Монахи все читали псалмы — нараспев, монотонно, без всякого выражения. Из людей, поникших на полу, некоторые следили по молитвенникам, большинство же застыло в тупом оцепенении, вызванном духовной скорбью или физическим неудобством. Какой во всем этом смысл, думал Барни. Зачем он пришел сюда? Не все ли ему равно, где быть, здесь или в пивнушке «Маунтджой»? Те же чувства, тот же знакомый круг намерений и обязательств. Все это он мог бы проделать и где-нибудь еще. Даже здесь это всего лишь притворство, всего лишь — несмотря на скучные голоса монахов и боль в коленях, а скорее, именно благодаря этому — поиски уюта. Раскаяние ему не внове. Изо дня в день он горько сожалел о содеянном, горько сожалел о том, что делает, уже в ту минуту, когда что-нибудь делал. А изменить себя хотя бы самую малость — этой способности ему просто не дано. Такая способность если и существует, то в каком-то другом мире, а раз он ее лишен от рождения, значит, она ему не поможет. А значит, нужно положиться на милосердие Божие. Но возможно ли оно, не есть ли оно по самой сути своей противоречие? Может ли совершенное существо быть милосердным к тому, что не совершенно? Если он попадет туда, не будет ли он автоматически предан огню? Ego autem sum vermis et non homo.[39]

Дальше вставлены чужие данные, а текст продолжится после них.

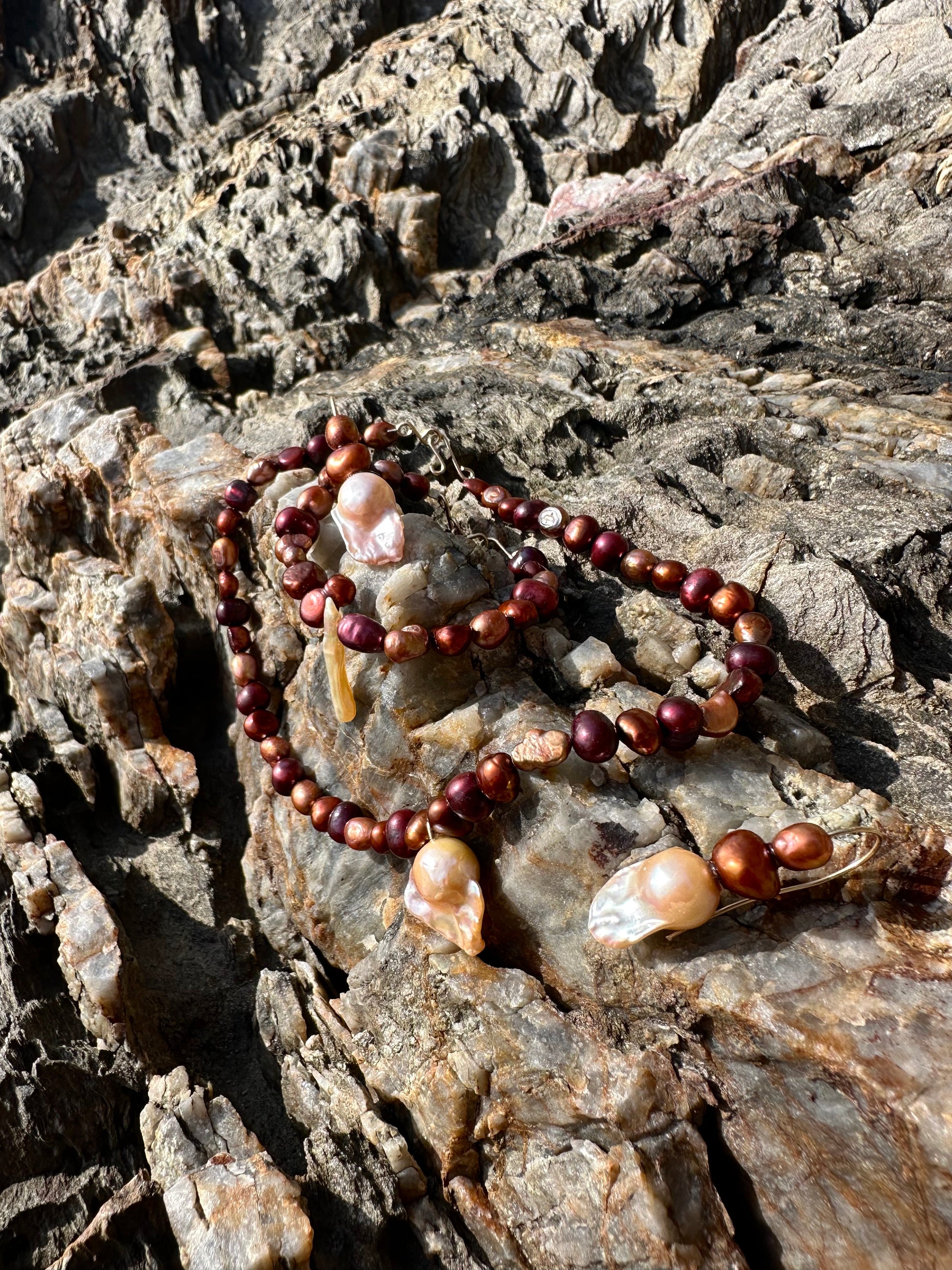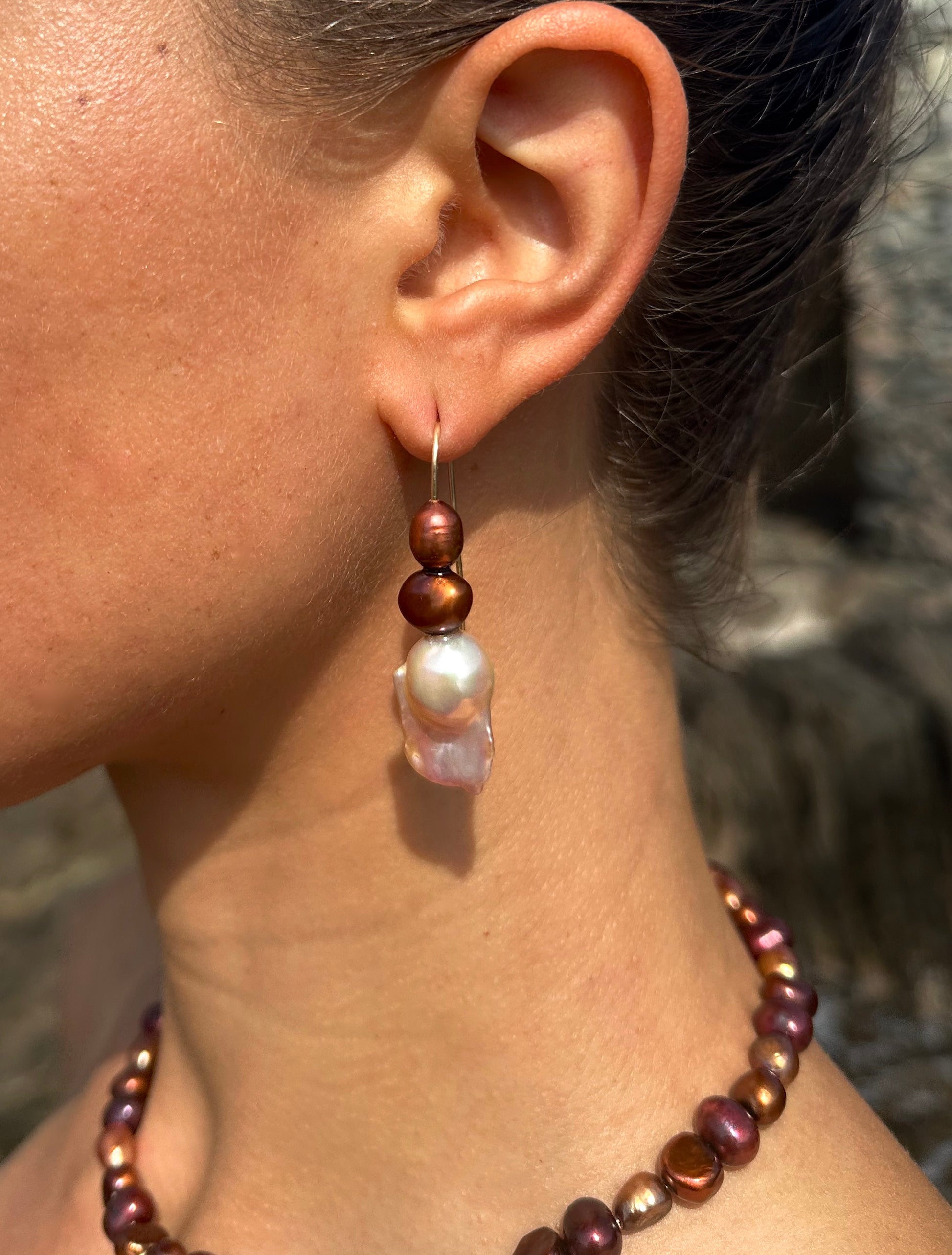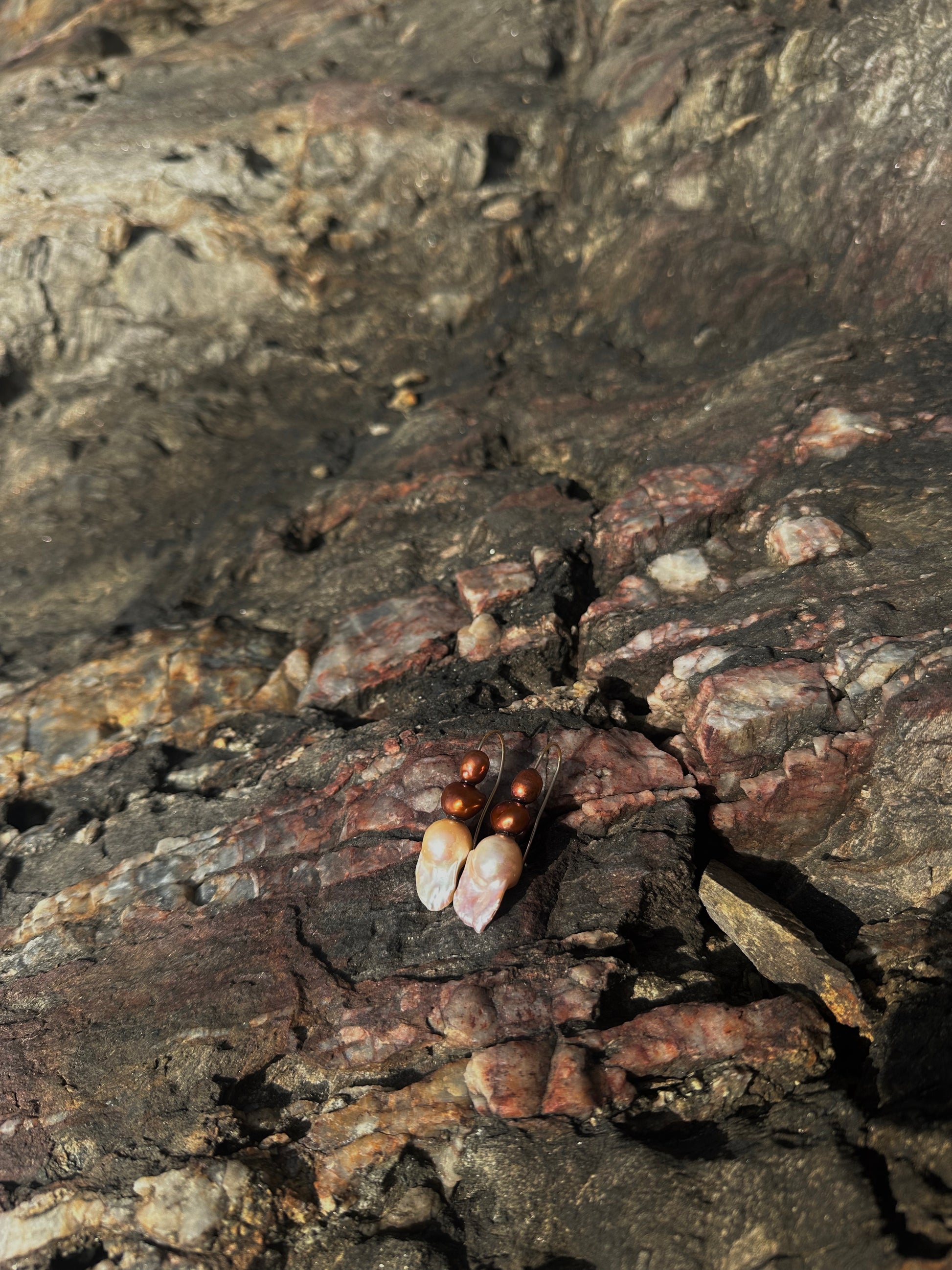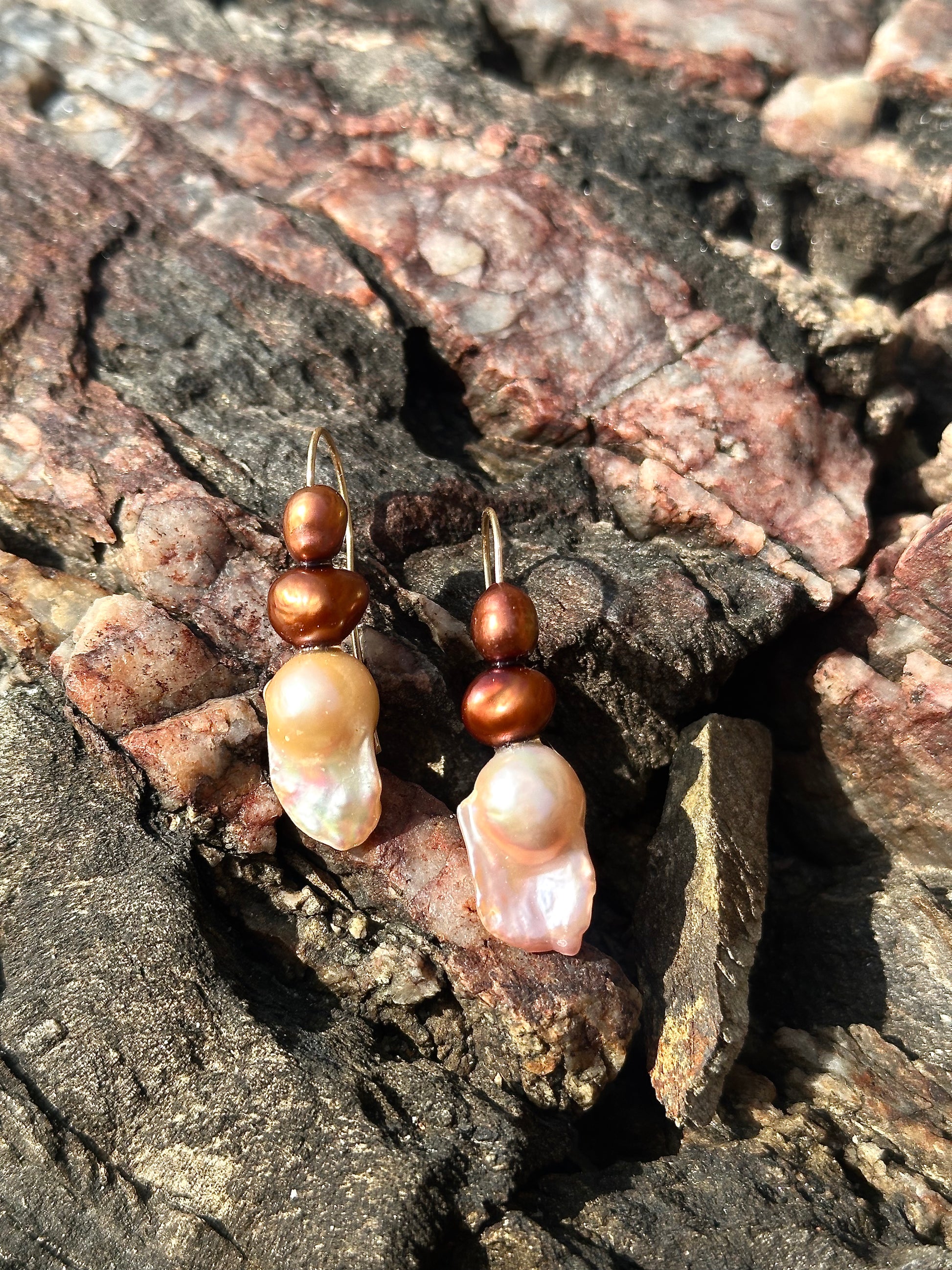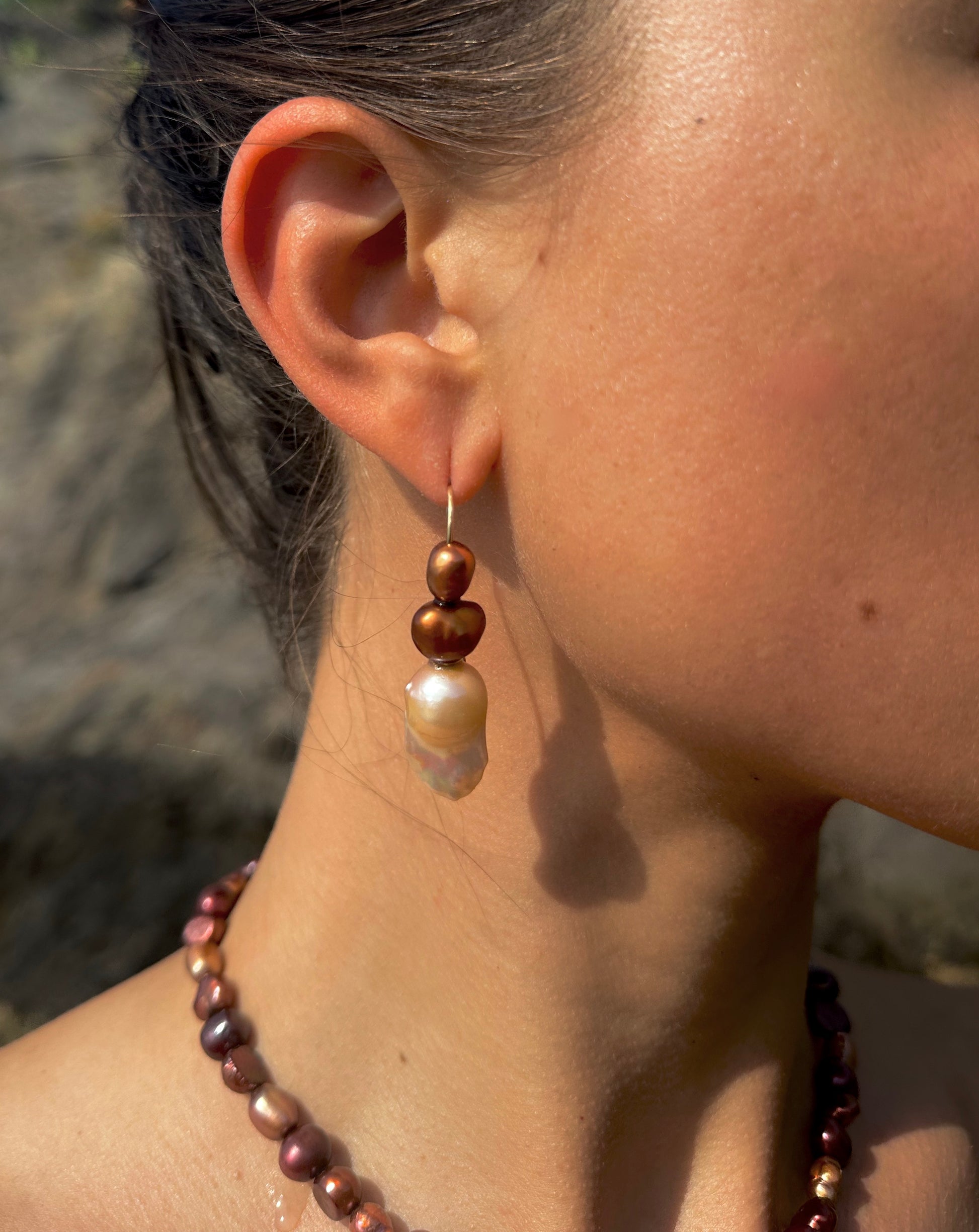 GABY · pendientes compuestos por una perla barroca de forma orgánica con brillo rosé-dorado, combinada con una perla de agua dulce en tonos bronce y otra marrón-rojiza, todo colgado de un bonito gancho de oro relleno de 14k.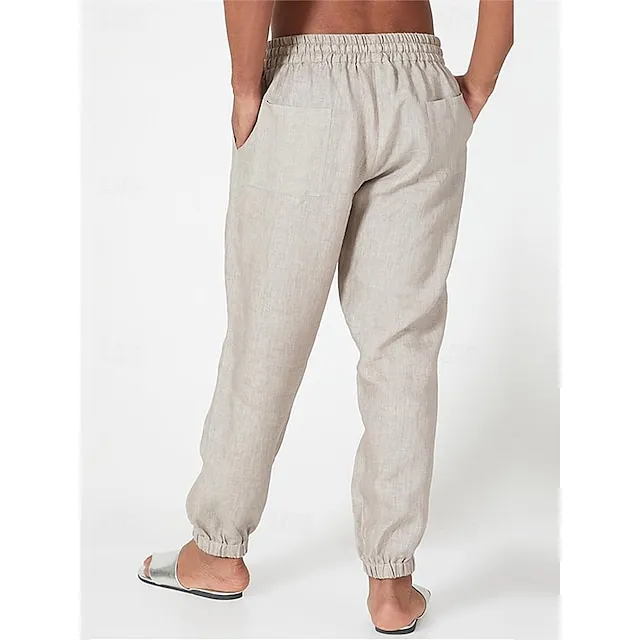 40% Linen Men’s Linen Pants Trousers Summer Pants Drawstring Elastic Waist Elastic Cuff Plain Breathable Comfortable Daily Vacation Going out Classic Casual Black Navy Blue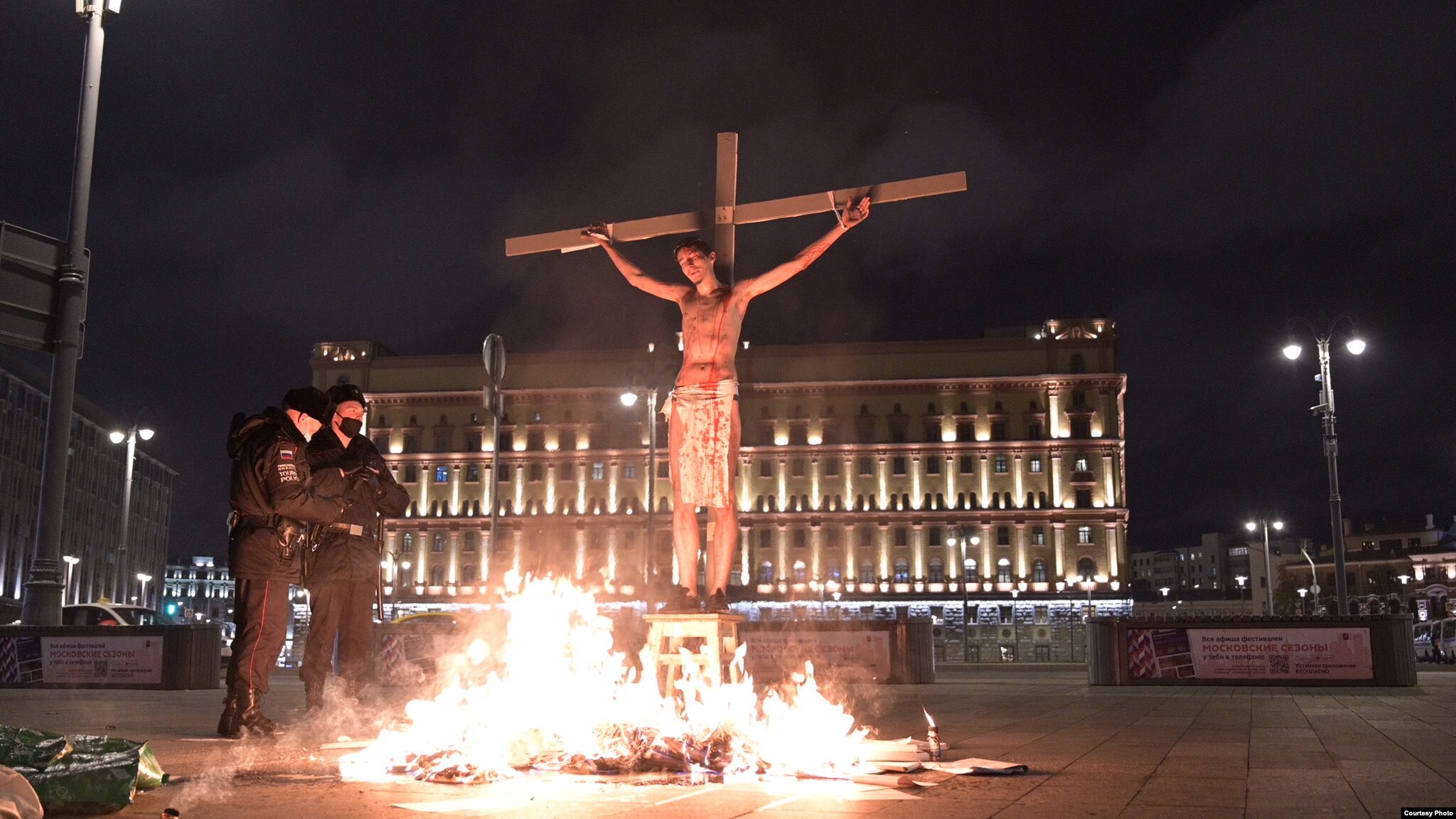 - В начале ноября Крисевич устроил акцию напротив здания ФСБ в Москве. Он встал на табурет, привязал свои руки к кресту и имитировал распятие Иисус Христа. Напротив него другие активисты – в плащах с надписями ФСБ – сложили и подожгли тома уголовных дел с надписями "Дело Бориса Немцова" и "Дело сестер Хачатурян".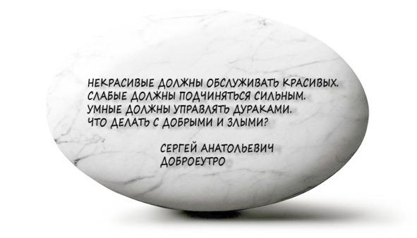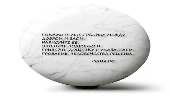 А мы плавно переходим к содержанию, к белым камням — фразам, брошенным в этот мир, к кругам на воде — историям, которые родились под влиянием брошенных фраз.

Барни раздумывал, следует ли ему исповедаться. Да, конечно, следует. Но огромный, суровый и безличный механизм церкви, некогда внушавший ему такое уважение, теперь казался пустой, назойливо-шумной затеей идолопоклонников. Наверно, он так и не привык до конца к таинству исповеди. Можно пойти к любому незнакомому священнику, застать его за чтением «Айриш таймс», стать на колени и шепотом перечислить свои проступки, а он, ни разу тебя не прервав, наложит пустяковую епитимью и рассеянно даст отпущение. Но ведь человека нужно подвергнуть допросу, подвергнуть наказанию. А какой смысл в наказании, когда между карающим и караемым нет личной связи? Ему казалось, что только наказание может снова приобщить его к ордену любви. Придется требовать наказания от самого Бога, на меньшем он не успокоится. Quoniam ego in flagelli paratus sum.[40]